There are many ways to reach out to get support from Uber. Remember: The team want you to succeed! Think about it... If drivers don't feel supported they will drive elsewhere and Uber would be out of business.

One should never disrespect Uber. They have done so much for the community and often without any praise. One example is when they deliver shelter dogs to people who may want to pet/adopt them. It's just one of the many cause that Uber support around the world. They don't ask for attention, they just do it because they care.

As a partner they also care about you. I am shocked when I hear about people talking about Uber in a bad light. Like the saying goes "Don't šhït where you eat".

Respect must be earned. If I were you I would draft an apology letter and send it to Uber. If they see you are truly remorseful I'm sure they welcome you back.

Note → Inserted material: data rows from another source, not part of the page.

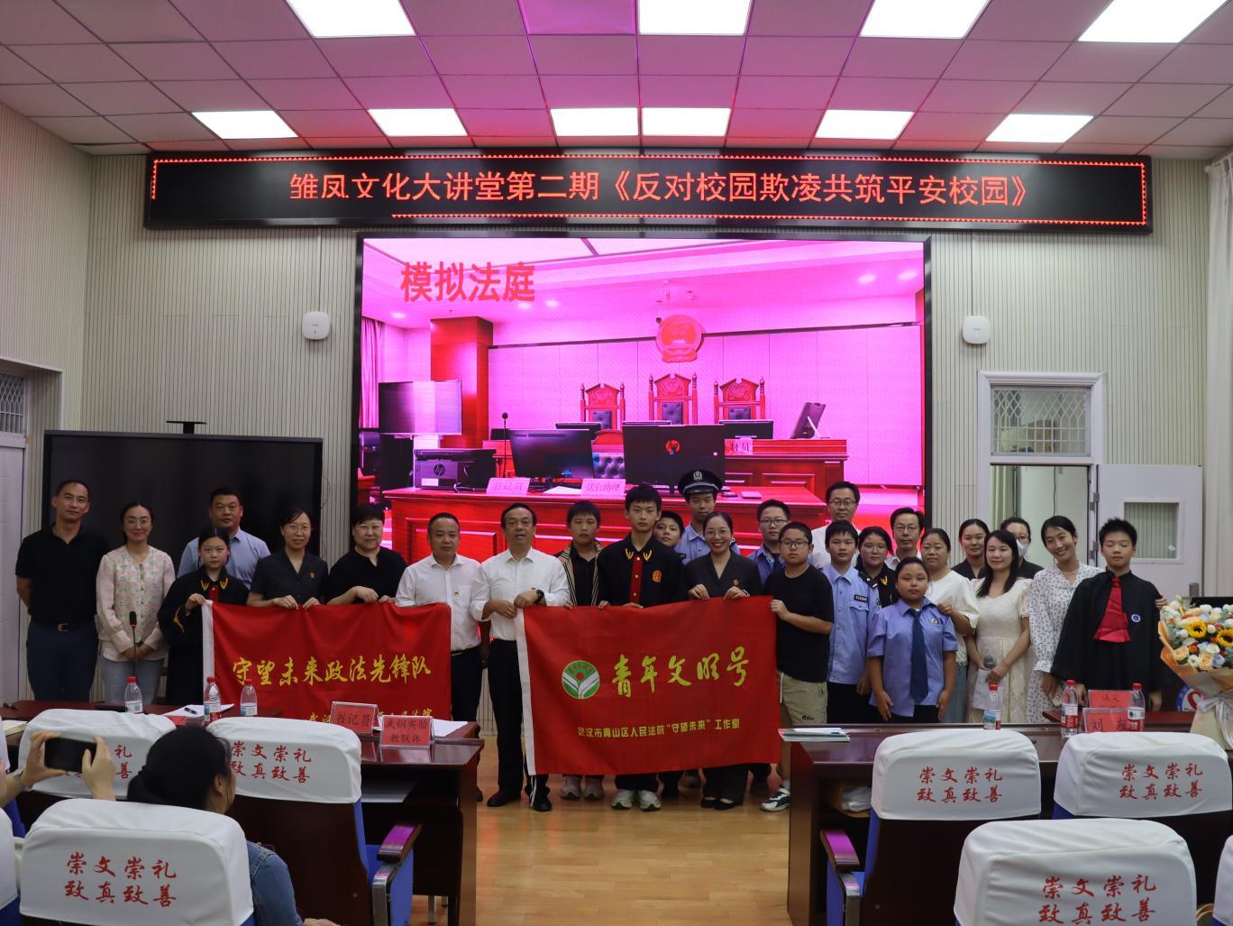 9月18日下午,武汉市青山区钢城二中报告厅内的空气仿佛被这几句对话攥得发紧。模拟搭建的“审判席”上,“审判长”陈先旭同学身着深黑色法袍,右手高高举起法槌,“咚”的一声重响——“青山区人民法庭”在此刻“开庭”,该校“雏凤文化大讲堂”第二期“反对校园欺凌,共筑平安校园”主题活动就此拉开帷幕。台下,八年级学生代表、家长代表、区教育局基教科领导、武钢实验学校教联体代表及校领导班子成员屏息凝视,目光齐刷刷地聚焦在“法庭”中央。
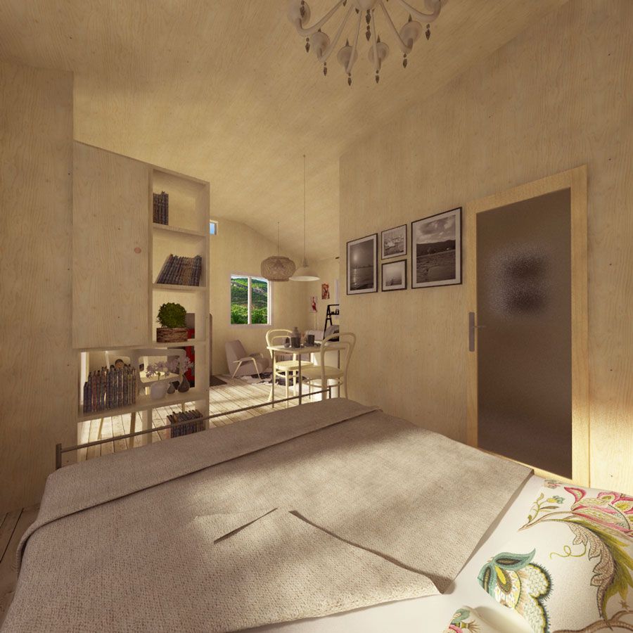 ส่วนห้องนอนมีขนาดกะทัดรัด ตกแต่งเรียบง่าย เหมาะสำหรับคู่รักหรือคนโสด โดดเด่นด้วยตู้เก็บของบริเวณหัวเตียงที่มีช่องเก็บของมากมาย ด้านบนติดโคมไฟระย้า ให้บรรยากาศดูโรแมนติกมากขึ้น
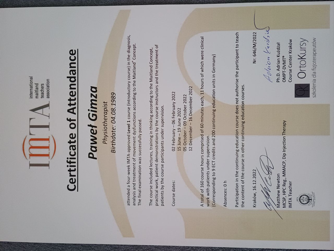 Witajcie, nazywam się Paweł Gimza i jestem fizjoterapeutą oraz dyplomowanym masażystą. Na co dzień pomagam pacjentom ortopedycznym, dzieciom i młodzieży z wadami postawy oraz wykonuje różnego rodzaju masaże lecznicze. Dzięki wieloletniemu doświadczeniu oraz ciągłemu kształceniu w dziedzinie rehabilitacji wyspecjalizowałem się w fizjoterapii ortopedyczno-sportowej. Jeśli masz problemy z bólem pleców lub stawów, a może czujesz że twoje zmęczone mięśnie potrzebują pomocy?, zapraszam Cię do mojego gabinetu. Znajdziemy rozwiązanie twojego problemu i opracujemy plan aby twoje dolegliwości nie powracały. Dokładny wywiad i szczegółowa diagnostyka zbliżą nas do poznania źródła twoich dolegliwości bólowych. Poniżej przedstawiam przykładowe problemy z którymi zgłaszają się do mnie pacjenci, jeśli jesteś w tej grupie, mogę pomóc ;)
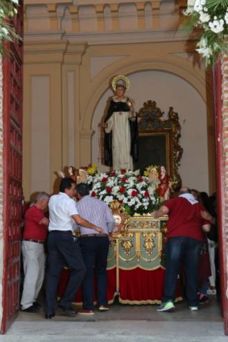Finalizado el recorrido, la talla de la Virgen ha regresado a la Ermita de Nuestra Señora de los Santos sobre su carroza, tras devolver el bastón de mando al regidor. La música de la Banda Municipal Juvenil ha tocado para la Virgen en el momento de cruzar al interior del templo.
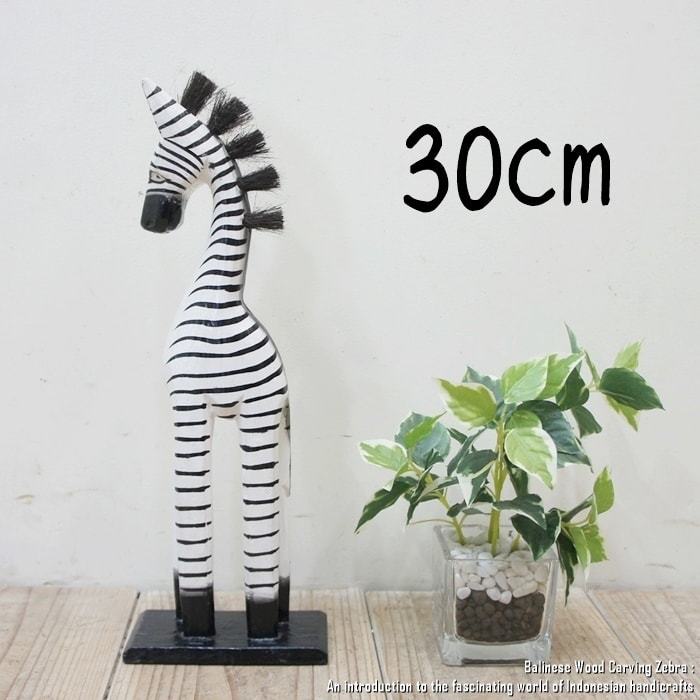 - シマウマのオブジェ W 30cm 白 しまうま 縞馬 木彫りの動物 木彫りの置物 ハンドメイド 動物インテリア プレゼント
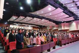 典礼伊始,会场全体人员起立并奏唱国歌,铿锵有力、庄严肃穆、包含深情的旋律为开学典礼拉开了序幕。
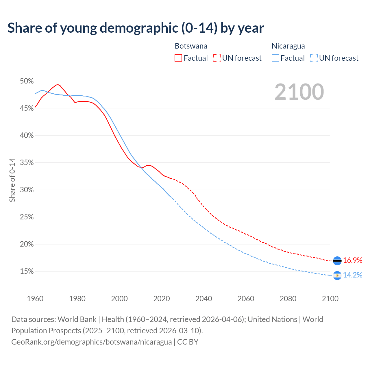 - The share of young demographic (0-15 years old) in Botswana is 32.1% vs 28.8% in Nicaragua.
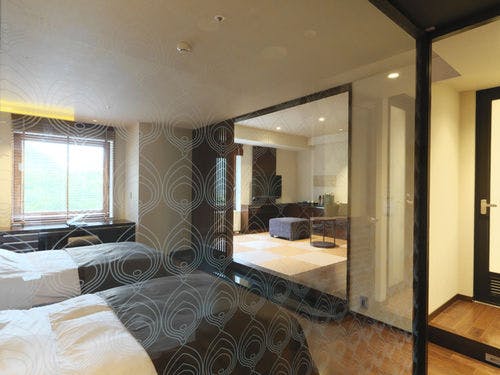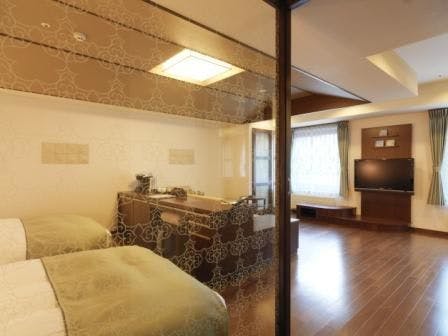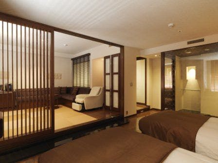 ワンちゃんと一緒にお泊りいただける42平米のDXツイン。
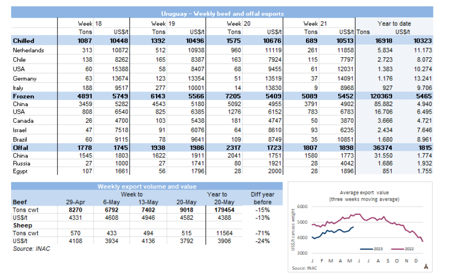 歐洲與中國(guó)市場(chǎng)情況類似,進(jìn)口商也說(shuō)他們的庫(kù)存量很大,牛肉銷售量不大。在這種情況下,希爾頓臀腰肉價(jià)格繼續(xù)向下調(diào)整。阿根廷進(jìn)口商和出口商給的價(jià)格差異很大,從12,300美元到13,000美元(FOB)的底價(jià)不等。烏拉圭的參考價(jià)格則在11,800-12,000美元(FOB)之間。

Remember, Uber is just made up of individual people like yourself. They are not as bad as some people make them out to be.


----------



## Father Fred (Jan 23, 2016)

living_the_dream said:


> There are many ways to reach out to get support from Uber. Remember: The team want you to succeed! Think about it... If drivers don't feel supported they will drive elsewhere and Uber would be out of business.
> 
> One should never disrespect Uber. They have done so much for the community and often without any praise.
> 
> Remember, Uber is just made up of individual people like yourself. They are not as bad as some people make them out to be.

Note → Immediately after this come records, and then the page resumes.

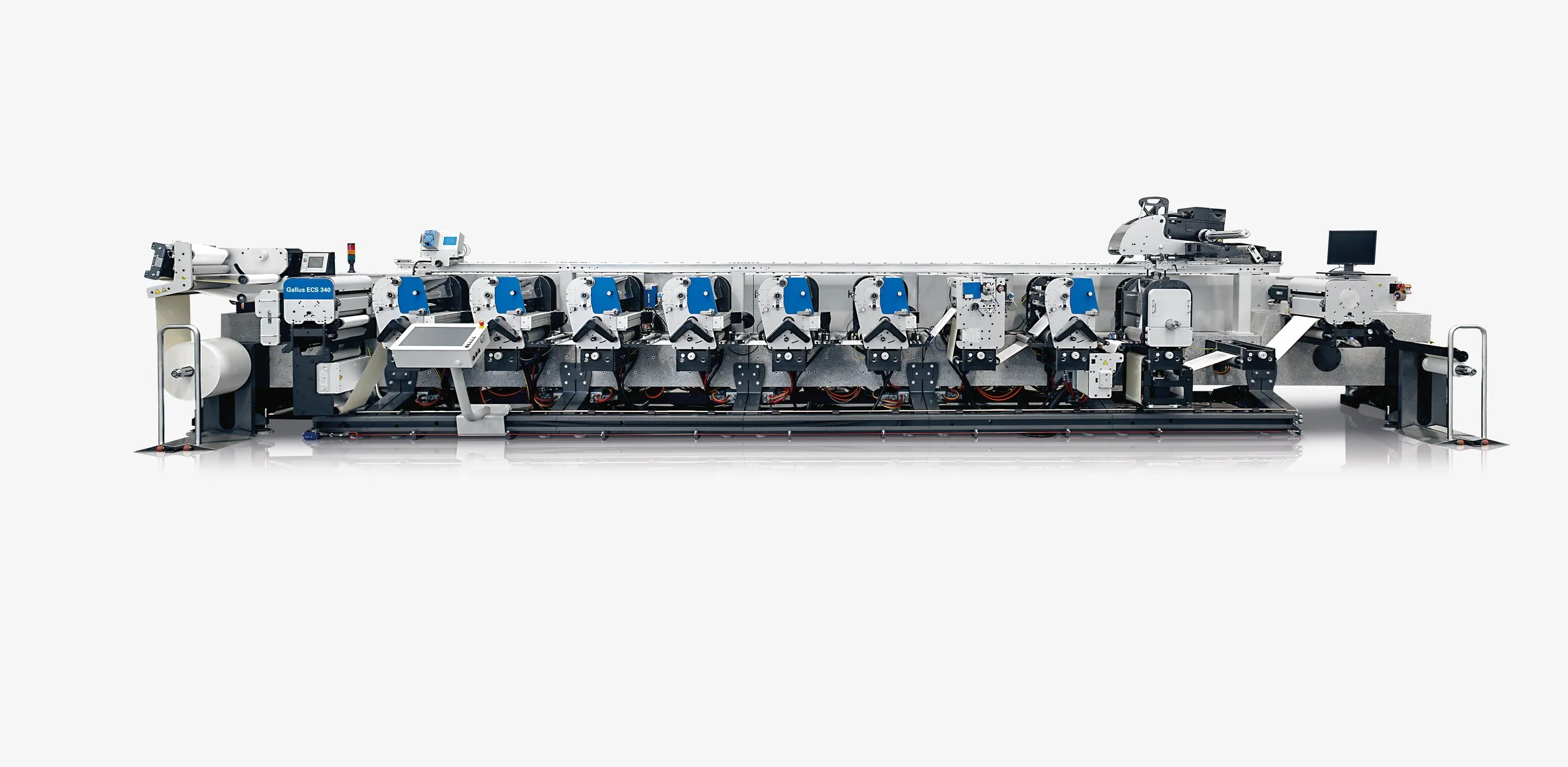 La Gallus ECS 340 es una prensa flexográfica modular para tirajes medianos y largos. Su chasis de granito mejora el registro al reducir vibraciones, y sus servomotores permiten cambios rápidos y mínima maculatura. Ofrece acabados en línea como cold foil y troquelado, con alta eficiencia y bajo desperdicio.
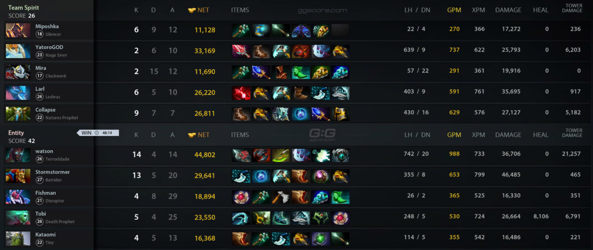 Таким образом, Entity завершила турнир на четвертой строчке, получив $5 тыс. Team Spirit прошла в финал нижней сетки, где 14 февраля сыграет с Gaimin Gladiators (15.00).
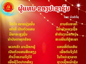 50 ປີ ສປປ ລາວ ຊາດລາວ ຊົນຊາດເຊື້ອ ຂຶ້ນຊື່ລືນາມ ມີປະຫວັດສາດຫຼາຍພັນປີ ປະກົດໃນໂລການີ້ ປະຊາຊົນ ມີມູນເຊື້ອ ຂະຫຍັນພຽນດຸໝັ່ນ ສາມັກຄີຮັກໝັ້ນ ໂຮມຕຸ້ມເຜົ່າປະຊາ
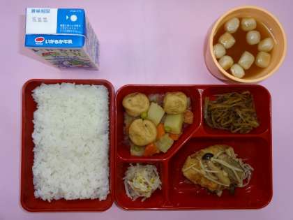 今日の給食では、から揚げにしたマグロに、きのこの入ったあんをかけています。

You are joking right? Uber is a terrible company, the owners are the scum of the earth. Uber is Similar to Enron or Benie Madoff. You have to be a fool with a low level education to think otherwise.


----------



## living_the_dream (May 14, 2016)

Father Fred said:


> You are joking right? Uber is a terrible company, the owners are the scum of the earth. Uber is Similar to Enron or Benie Madoff. You have to be a fool with a low level education to think otherwise.


Father Fred if they were REALLY as bad as you make them out to be then why do so many thousands of people drive for Uber around the world? Probably millions of drivers actually if there are thousands in each city.

And if they were REALLY bad then why would countries allow Uber to operate? All companies must comply with certain consumer and labor laws.

Okay so I get that Uber doesn't have phone numbers but please give me 3 REAL scenarios of when you would need to call Uber? From my experience reaching out to their helpful team via email is easy and I get a response within days if not hours.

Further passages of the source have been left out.